→ Aim of the exercise
In the copy, include no pictures. Reproduce the rest of the entries exactly.

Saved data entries
- Opening Delimiter -

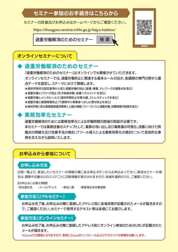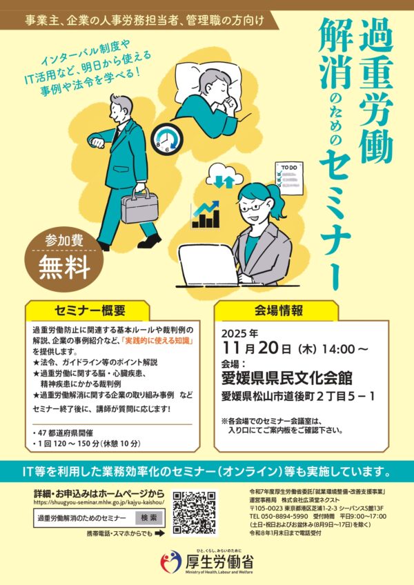 厚生労働省では、過重労働の解消に向け、基本ルールや裁判例の解説、取組事例の紹介など、実務セミナーを開催します。
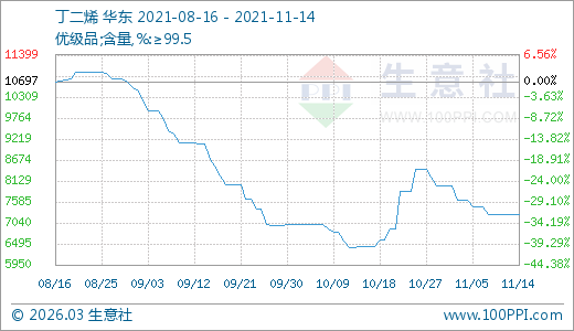 11月14日丁二烯7253.33元/噸 30天上漲12.88%
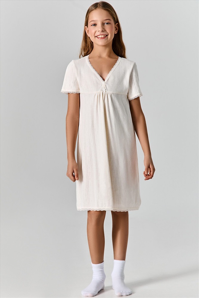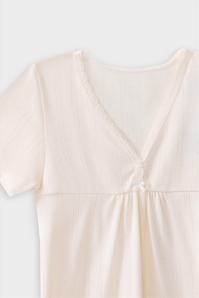 ID товара: 1232088 Состав: 100% хлопок Сезон: Весна/Лето Рукав: короткие Вид застежки: Пуговицы Вырез горловины: V-образный Тип карманов: Без карманов Декоративные элементы: Кружево Утеплитель: Без утепления Конструктивные элементы: Нет Уход: Деликатная стирка при 30 градусах Особенности модели: Нет Фактура материала: Рибана Страна бренда: Беларусь Страна производства: Китай Сорочка прямого ситлуэта. Горловина V-образной формы, обработана кружевом 15мм, Antik Dantel, L153-1,5. По переду пуговицы (2 шт) - d= 10 mm. Рукава короткие втачные.Низ изделия и рукавов обработана кружевом 15мм, Antik Dantel, L153-1,5. Декор по заданию - бантик (6737-0011А) Комментарии к товару
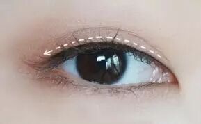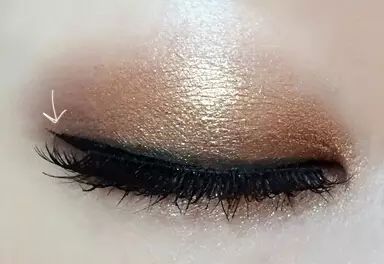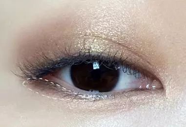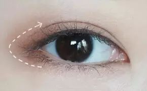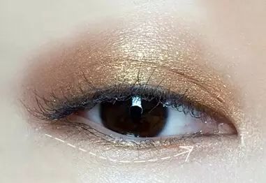 Step 6:下眼睑沿着睫毛根部用棕色珠光眼影晕染,用眼影刷从眼尾往前晕染,在快接近眼头位置时即收笔。
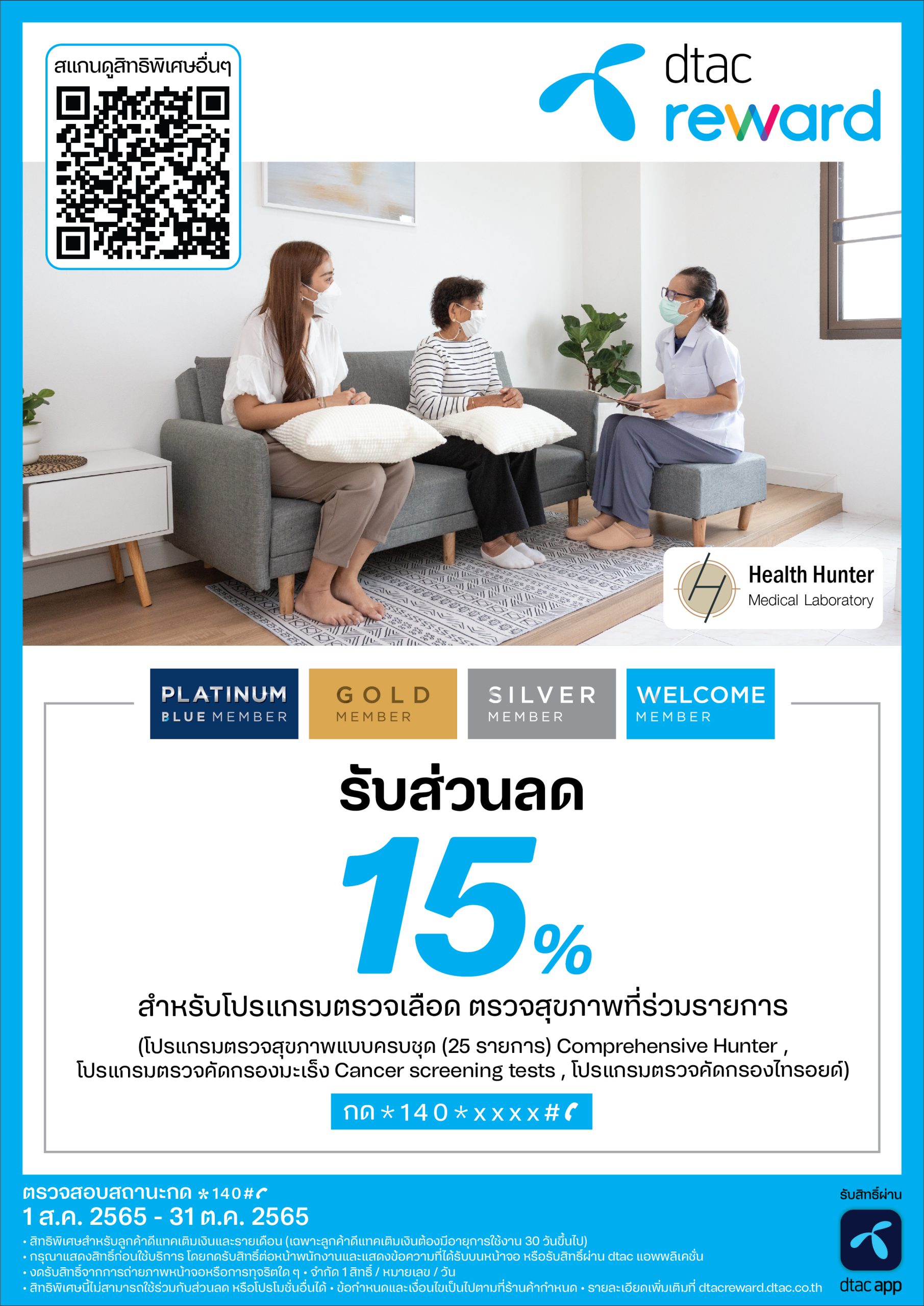 รับส่วนลด 15% สำหรับโปรแกรมตรวจเลือด ตรวจสุขภาพที่ร่วมรายการ
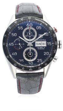 A GENTLEMAN'S STAINLESS STEEL TAG HEUER CARRERA CALIBRE 16 AUTOMATIC CHRONOGRAPH WRIST WATCH CIRCA 2013, REF. CV2A10 WITH TAG HEUER BOXD: Black dial with silver Arabic numerals for 60 seconds, double register recording hours & minutes, subsidiary seconds, day & date apertures. M: 25 jewel automatic movement signed TAG Heuer, calibre 16. C: Carrera case with black tachymetre bezel, exhibition back signed Carrera & numbered, original crown & pushers, case diameter measures approx. 44mm. S: Grey leather strap with TAG Heuer deployment clasp.CONDITION REPORTD: Original dial in excellent condition. M: Working at present. C: In very good condition, with some small scratches due to general use. S: In good condition.D: Dial / M: Movement / C: Case / S: Strap / B: Bracelet
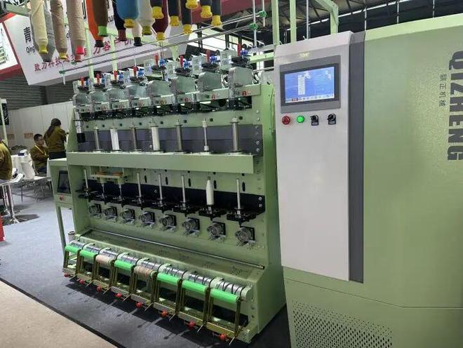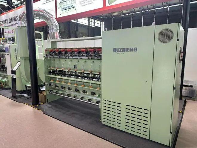 在青岛骐正的展位上,老方和姜芊煜总经理聊了他们的几款产品,除了棉纺、毛纺、长短纤通用粗纱机外,老方对一些纱线后处理设备非常感兴趣,感觉很有特色。
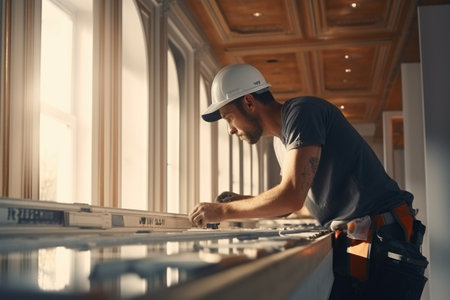 A dedicated construction worker, equipped with tools and a hard hat, carefully measures wooden beams at a busy construction site. The atmosphere reflects productivity and focus.
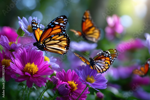 Fototapeta premium Monarch butterflies flutter among colorful flowers in a vibrant garden setting
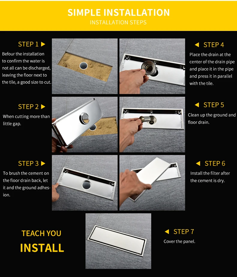 Вставка из нержавеющей стали, квадратный зернистый шлагбаум для мусора, линейный дренажный фильтр для ванной комнаты, быстрый дренаж, запах-resis
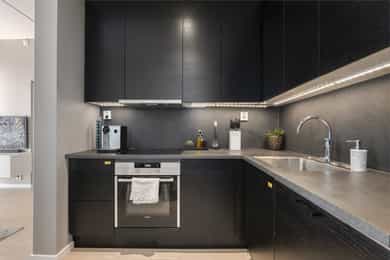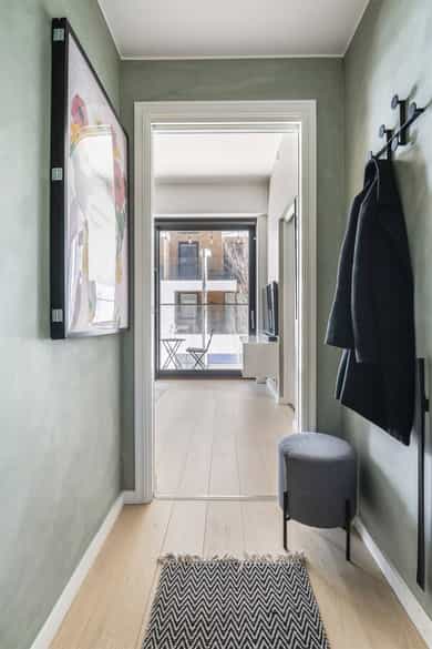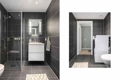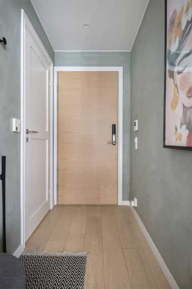 Entré: Leiligheten ligger i byggets 2. etasje med heisadkomst til leilighetsplanet. Når du kommer inn, møtes du av en innbydende entré som gir et godt førsteinntrykk. Veggene er malt i en lys og behagelig farge, og gulvet er dekket med pen parkett. Stue: Den lyse og hyggelige stuen har store vindusflater som sikrer gode lysforhold. Stuen og kjøkkenet er integrert i en åpen og sosial løsning, noe som skaper et innbydende oppholdsrom. Veggene er malt i en delikat og lys farge, og gulvet er dekket med flott parkett. Fra stuen er det utgang til en østvendt balkong på ca. 2m², med plass til sittegruppe. Kjøkken: Moderne kjøkkenløsning med slette fronter og laminat benkeplate. Kjøkkenet er utstyrt med integrert platetopp, stekeovn, oppvaskmaskin og kombinert kjøle- og fryseskap. Kjøkkenventilator er montert i overskapet med sentralt avtrekksanlegg i bygget. Bad: Lekkert bad med opplegg for vaskemaskin. Badet er utført med moderne og stilrene fliser samt behagelig gulvvarme. Innredningen består av en nedfelt servant med godt med skapplass, vegghengt toalett og et dusjhjørne med glassdører. Ventilasjonen skjer via et balansert anlegg, med lufttilførsel under døren. Soverom: Lunt og romslig soverom med god plass til dobbeltseng og tilhørende møblement. Store vinduer slipper inn naturlig lys, og rommet har en behagelig atmosfære med delikate vegger og pent parkettgulv. Innvendig overflater: Gulv har overflater av 1 stavs parkett, flis på bad. Vegger har overflater av malte plater, flis på bad.

- Closing Delimiter -

→ Output of the exercise
 厚生労働省では、過重労働の解消に向け、基本ルールや裁判例の解説、取組事例の紹介など、実務セミナーを開催します。
 11月14日丁二烯7253.33元/噸 30天上漲12.88%
 ID товара: 1232088 Состав: 100% хлопок Сезон: Весна/Лето Рукав: короткие Вид застежки: Пуговицы Вырез горловины: V-образный Тип карманов: Без карманов Декоративные элементы: Кружево Утеплитель: Без утепления Конструктивные элементы: Нет Уход: Деликатная стирка при 30 градусах Особенности модели: Нет Фактура материала: Рибана Страна бренда: Беларусь Страна производства: Китай Сорочка прямого ситлуэта. Горловина V-образной формы, обработана кружевом 15мм, Antik Dantel, L153-1,5. По переду пуговицы (2 шт) - d= 10 mm. Рукава короткие втачные.Низ изделия и рукавов обработана кружевом 15мм, Antik Dantel, L153-1,5. Декор по заданию - бантик (6737-0011А) Комментарии к товару
 Step 6:下眼睑沿着睫毛根部用棕色珠光眼影晕染,用眼影刷从眼尾往前晕染,在快接近眼头位置时即收笔。
 รับส่วนลด 15% สำหรับโปรแกรมตรวจเลือด ตรวจสุขภาพที่ร่วมรายการ
 A GENTLEMAN'S STAINLESS STEEL TAG HEUER CARRERA CALIBRE 16 AUTOMATIC CHRONOGRAPH WRIST WATCH CIRCA 2013, REF. CV2A10 WITH TAG HEUER BOXD: Black dial with silver Arabic numerals for 60 seconds, double register recording hours & minutes, subsidiary seconds, day & date apertures. M: 25 jewel automatic movement signed TAG Heuer, calibre 16. C: Carrera case with black tachymetre bezel, exhibition back signed Carrera & numbered, original crown & pushers, case diameter measures approx. 44mm. S: Grey leather strap with TAG Heuer deployment clasp.CONDITION REPORTD: Original dial in excellent condition. M: Working at present. C: In very good condition, with some small scratches due to general use. S: In good condition.D: Dial / M: Movement / C: Case / S: Strap / B: Bracelet
 在青岛骐正的展位上,老方和姜芊煜总经理聊了他们的几款产品,除了棉纺、毛纺、长短纤通用粗纱机外,老方对一些纱线后处理设备非常感兴趣,感觉很有特色。
 A dedicated construction worker, equipped with tools and a hard hat, carefully measures wooden beams at a busy construction site. The atmosphere reflects productivity and focus.
 Fototapeta premium Monarch butterflies flutter among colorful flowers in a vibrant garden setting
 Вставка из нержавеющей стали, квадратный зернистый шлагбаум для мусора, линейный дренажный фильтр для ванной комнаты, быстрый дренаж, запах-resis
 Entré: Leiligheten ligger i byggets 2. etasje med heisadkomst til leilighetsplanet. Når du kommer inn, møtes du av en innbydende entré som gir et godt førsteinntrykk. Veggene er malt i en lys og behagelig farge, og gulvet er dekket med pen parkett. Stue: Den lyse og hyggelige stuen har store vindusflater som sikrer gode lysforhold. Stuen og kjøkkenet er integrert i en åpen og sosial løsning, noe som skaper et innbydende oppholdsrom. Veggene er malt i en delikat og lys farge, og gulvet er dekket med flott parkett. Fra stuen er det utgang til en østvendt balkong på ca. 2m², med plass til sittegruppe. Kjøkken: Moderne kjøkkenløsning med slette fronter og laminat benkeplate. Kjøkkenet er utstyrt med integrert platetopp, stekeovn, oppvaskmaskin og kombinert kjøle- og fryseskap. Kjøkkenventilator er montert i overskapet med sentralt avtrekksanlegg i bygget. Bad: Lekkert bad med opplegg for vaskemaskin. Badet er utført med moderne og stilrene fliser samt behagelig gulvvarme. Innredningen består av en nedfelt servant med godt med skapplass, vegghengt toalett og et dusjhjørne med glassdører. Ventilasjonen skjer via et balansert anlegg, med lufttilførsel under døren. Soverom: Lunt og romslig soverom med god plass til dobbeltseng og tilhørende møblement. Store vinduer slipper inn naturlig lys, og rommet har en behagelig atmosfære med delikate vegger og pent parkettgulv. Innvendig overflater: Gulv har overflater av 1 stavs parkett, flis på bad. Vegger har overflater av malte plater, flis på bad.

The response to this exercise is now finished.